Maybe that’s why the black mama at the Washington Monument didn’t get more up in my face. Maybe... but then again it could have been my mountain-man beard or my raptor-bird pupils.

A Stevie Wonder t-shirt knock-off salesman moved briskly left to right to my slow walk. Skittish, he scanned the crowd, kept looking back over his shoulders. He knew. He had to make a few sales, then move on. If he didn’t keep moving, the Brothers would spot him. The Brothers, Wonder’s security, would take his shirts, take his money, and brass-knuckle the piss out of him. That is, if the cops didn’t get him first. But the cops wouldn’t beat him. They’d just cuff him, throw him in a van, take his money, and then let him go at 2AM in a neighborhood not his own.

A man selling ice cream reminds me of Chicago. I’ve worked two Chicago tours. I liked their songs, but Chicago did their sets on automatic pilot. They mailed it in. Sometimes they didn’t know in what city they were playing, unless of course it was Chicago. Damn, according to the agent if I put them in the book, I’ll have to change their name to Omaha or Rockford or something.

I flashed my backstage badge and cut sideways through the clamor at the security gate on the side nearest our hard-on national monument.

Chaka was singing a funk tune from the album Rufusized. The Rock’n’Roll world's fast and loose life of drugs and sex melded with the theme:  It's so hard to stop.

Rufus is a good R&B band, but that last riff sounded like chords from Superfly. That thought took me to Curtis Mayfield and put me in the Troubadour in LA in ‘69? Or ‘70? Maybe early ‘71? Can’t remember. It all fluxes. I knew one of Mayfield’s security persons, a guy named Sugg.

I met Sugg in a bar on Santa Monica Boulevard called The Roadhouse, across the street and east two blocks of the Troubadour. Sugg’s friend Joe Blessed, a mixed blood Apache, owned the pool table that night until I put my quarter down. I did a little Seneca war chant and beat Joe. Sugg thought that was real funny. You know how sometimes you meet folks and you just mesh? Sugg and I meshed. That and my hash supply is how I got admitted to Curtis Mayfield’s dressing room at the Troubadour.

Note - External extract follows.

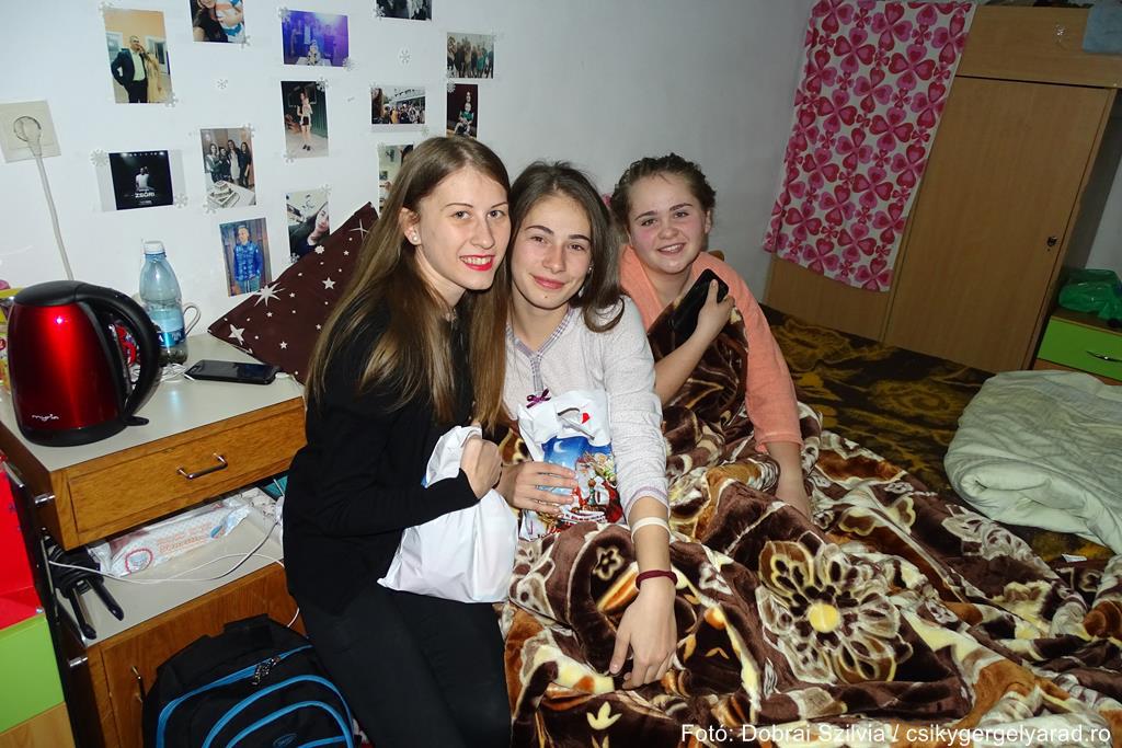Mindenki meglepődve nézett, amikor az éjszaka közepén a Mikulás (esetünkben Laci bácsi, mikulás-jelmezben) kopogtatására ébredt fel. Segítségül idén is krampuszlányok kísérték, akiknek feladata az ajándékok kiosztása és a piros puszik osztogatása volt. Mindkettővel nagy örömöt szereztek társaiknak (már akik felébredtek a kései látogatásunkra). A Mikulás szorgos segédjei idén Balogh Nikolett , Lobotka Zsanett (XI. C), Dobrai Szilvia (XII. B) és László Andrea (XII. A) voltak.
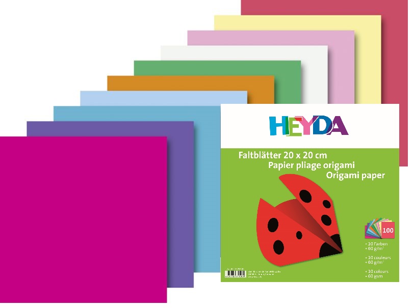 HAYDA Origamipaperilajitelma 20 x 20 cm, 60 g/m2. Värilajitelma, 10 x 10 väriä. Yhteensä 100 arkkia. Värit: keltainen, oranssi, punainen, violetti, vaaleanpunainen, vaaleansininen, tummansininen... Lue lisää

Sugg was Black Creole. Last name was Delatoure. He never told me his first name or why he was called Sugg. He got me through one of the scariest times of my life. I got snookered into buying two pounds of some Kansas weed and it was absolute shit. Sugg told me to boil up some datura leaves, make a tea, and soak the bad pot in it. He said the datura would stone-up the Kansas rope. He also told me not to drink the tea, but after I took a sip and decided it actually tasted pretty good, I drank a tumbler full. Half-hour later I was paralyzed and had tunnel vision. Couldn’t move my legs or arms. Sugg dragged me into the bathroom, stuck the end of a toothbrush down my throat, and made me vomit.

Shit, there I go rambling off again.